I also don't appreciate the potty mouth, I'm sure your GOD wouldn't either.


----------



## ozzydiodude (Mar 20, 2009)

mgfcom I've been away a few days,how you piss in everybody cherro's? To have every top dog nipping at your throat, you must have thrown common sence out the window. The people that take the time to answer your questions have exp. in the area of your question. If you have documented proof post it! We are all here to learn from each other.


----------



## mgfcom (Mar 20, 2009)

you got it backwards, dude.  read all the posts in context.  who hijacked whose thread?  Who accepted as valid others' advice and experience, and simply asks that others don't belligerently berate flame and bash me for doing things differently?

RE:  proof - will not post here at this forum.  I will post the proof on another forum.  I have offered to send it privately via e-mail to a few select who have been nice?

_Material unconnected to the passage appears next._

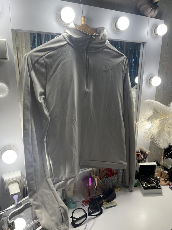 Имеет отверстия для пальчиков, размер М, цвет серо-фиолетовый, имеет две затяжки и чуточку разошелся шов на рукаве

And what makes a top dog?  the most posts here?  Those who have uploaded the most pictures?  That is nonsense.


----------



## The Effen Gee (Mar 20, 2009)

mgfcom said:
			
		

> RE:  proof - will not post here at this forum.  I will post the proof on another forum.  I have offered to send it privately via e-mail to a few select who have been nice?



Re: Re: Proof.

Post a link.

I think after what you have posted here you are obligated to prove SOMETHING at least...


----------



## lordhighlama (Mar 20, 2009)

hey mgfcom...

ostpicsworthless: 


I wanna see pics!


----------



## Hick (Mar 21, 2009)

...mgfcom.... 



> 14. You will, if asked by a representative of the Forums, cease posting any content, and/or links to content, deemed inappropriate by the staff of the Forums.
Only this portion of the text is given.